2. Valuation Paradigm Shift

Investors often ask: "Is TSMC expensive now?" If viewed through the lens of past smartphone cycles (P/E 15-20x), perhaps not cheap. But if viewed through an AI infrastructure mindset (PEG / DCF), TSMC remains undervalued:

• Growth: Large enterprises with revenue CAGR of 20-30% are few and far between globally.
• Certainty: Order visibility extends to 2028, with extremely low profit volatility risk.
• Moat: A monopolistic position with virtually no substitutes.

We believe the market will eventually grant TSMC a re-rating, elevating its P/E multiple range to levels comparable with major US software giants or AI platform stocks.

3. Ultimate Investment Strategy: Core & Satellite

In this decade-long AI feast, we recommend investors adopt the following allocation strategy:

A. The Core: TSMC Itself

• Strategy: "Buy and Hold."
• Mindset: View TSMC as the "stabilizer" in your investment portfolio. Disregard quarterly inventory adjustments or short-term revenue noise. As long as the A16 mass production progress and gross margin structure remain unchanged, hold firm.
• Action: Any stock price pullback (Drawdown) caused by non-fundamental factors (such as geopolitical panic) is a gift from above for accumulation.

B. The Satellite: Supply Chain Alpha

• Strategy: "Swing Trading and Thematic Investing."
• Target Selection:
  • Aggressive: Focus on CoWoS equipment stocks and CPO (Silicon Photonics) concept stocks. These small and medium-cap stocks have the highest explosive potential but are highly volatile.
  • Conservative: Focus on consumables (mask pods/chemicals) and heavy electrical/green energy stocks.
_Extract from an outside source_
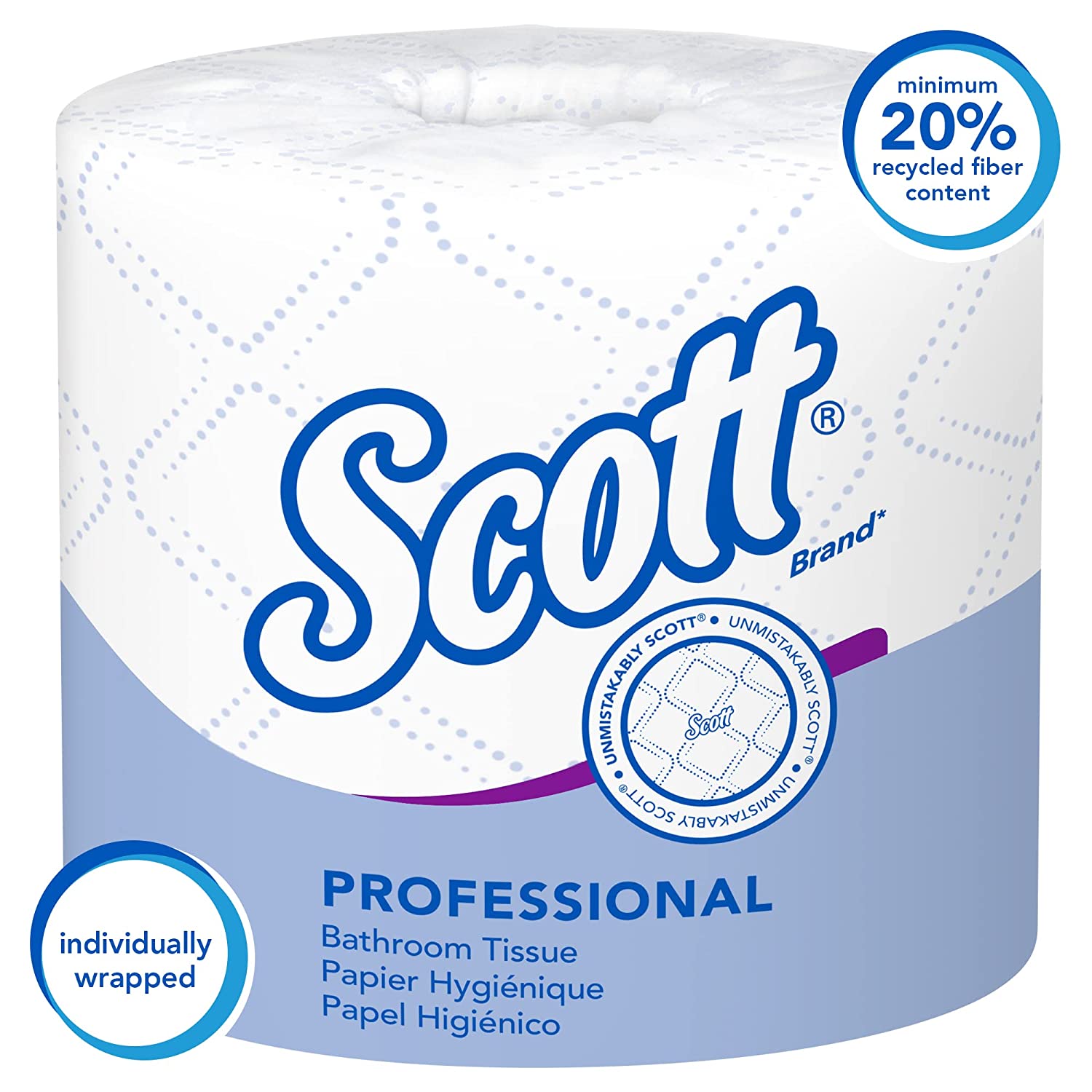 550 Sheets/Roll, 80 Scott Professional Standard Roll Toilet Paper Rolls/Case; 44,000 Sheets/Case; 2-Ply; White; Individually wrapped rolls; with Elevated Design

These stocks offer stable yields and long-term growth.
• Action: Dynamically adjust the proportion of these satellite holdings based on TSMC's monthly revenue announcements and capital expenditure progress.

4. A Message to Investors

CEO C.C. Wei said: "AI is Real." We would like to add: "TSMC's monopoly is also real."

In this world full of uncertainties, TSMC offers a scarce asset—"certainty about the future." Investing in TSMC is investing in humanity's endless craving for compute power. This is a high-probability game that has just begun.